Patient 8 had rising antibody titers during her first pregnancy, and because of bleeding and contractions, she had an acute cesarean section in week 27 and gave birth to a severely growth retarded and malformed infant who lived only a few hours. The fetus and placenta were not tested for C. burnetii, but results of testing for toxoplasmosis, cytomegalovirus, and parvovirus B19 were negative, as were results of genetic testing for neuromuscular diseases. Her titers decreased slightly postpartum, but during her second pregnancy, titers increased significantly, and treatment with cotrimoxazole was initiated around gestational week 22. In gestational week 30, she spontaneously went into labor and gave birth to a healthy baby. Treatment was terminated immediately postpartum, and her antibody levels decreased, indicating that she was not chronically infected. Thus, patients 5 and 8 had serologic indication of a reactivation of infection with C. burnetii: a postpartum decline in antibody titers followed by a >4-fold increase in titers during the next pregnancy.

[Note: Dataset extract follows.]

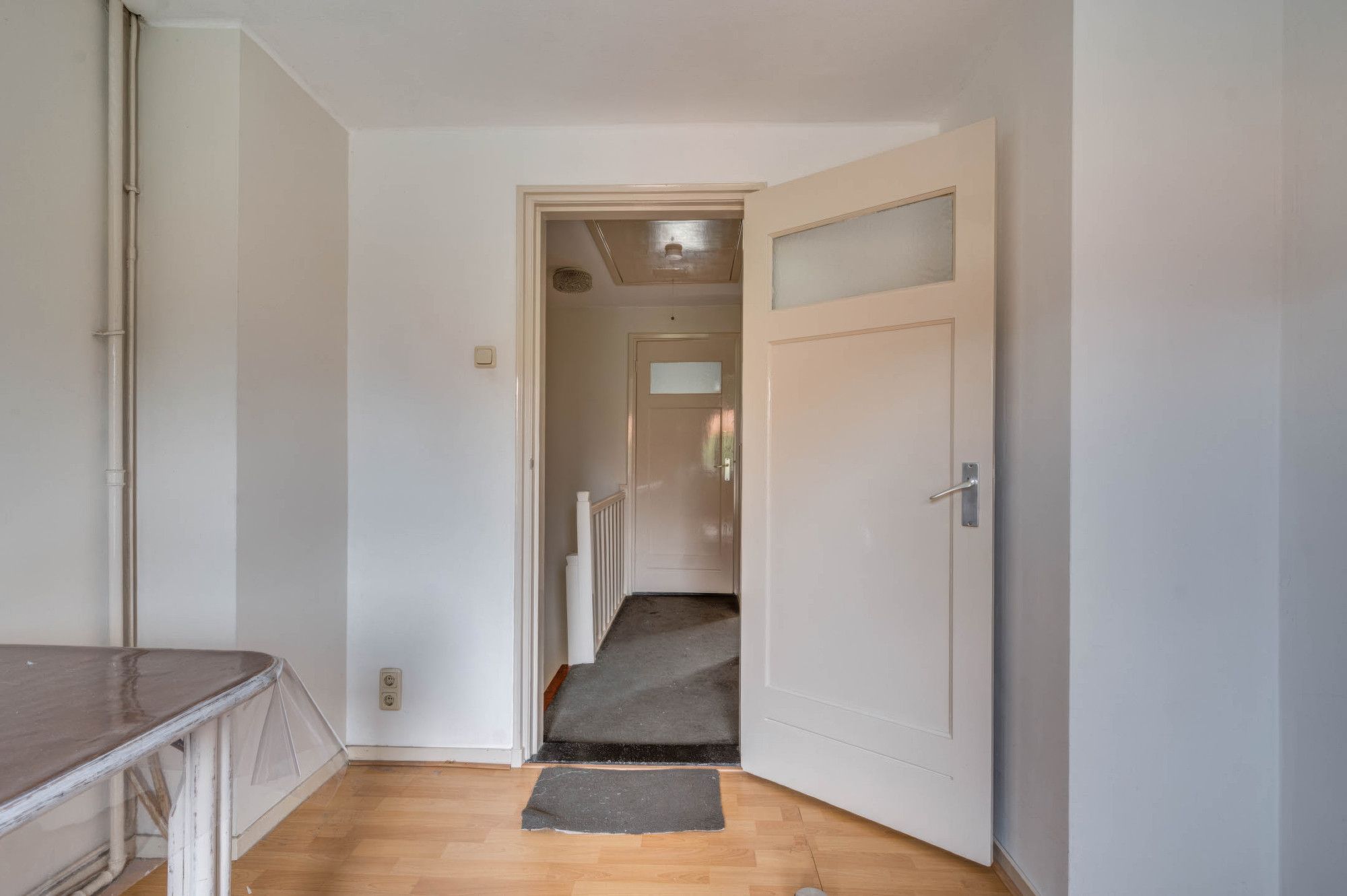 De overloop geeft toegang tot 3 slaapkamers, de badkamer en vlizotrap naar de zolder. Alle 3 de slaapkamers zijn voorzien van rolluiken en een laminaatvloer. De badkamer is functioneel ingericht met een douche, wastafel met meubel en buitenraam. De badkamer is geheel betegeld en voorzien van een buitenraam.

Three of the remaining pregnancies (in patients 6, 9, and 11) had an uncomplicated course with a healthy pregnancy outcome. Patient 7 had an acute cesarean because of rupture of the uterus; she had had a cesarean in her first pregnancy.
In summary, 3 patients (1, 2, and 10) reported symptoms of acute Q fever. At least 1 (patient 8) appeared to have seroconverted without symptoms close to the beginning of her first pregnancy.
For 7 of the 19 pregnancies, treatment with cotrimoxazole was initiated in the patient; 6 of these pregnancies resulted in healthy, full-term babies, and no mention of severe side effects was found in the mothers’ medical records. One of the women who had obstetric complications received treatment with cotrimoxazole (patient 8, in her second pregnancy). By comparison, among the 12 pregnancies in which no treatment was given, 8 resulted in obstetric complications. The effect of treatment with cotrimoxazole on complications was tested, but the difference was not significant (p = 0.057 by Fisher exact test; data not shown).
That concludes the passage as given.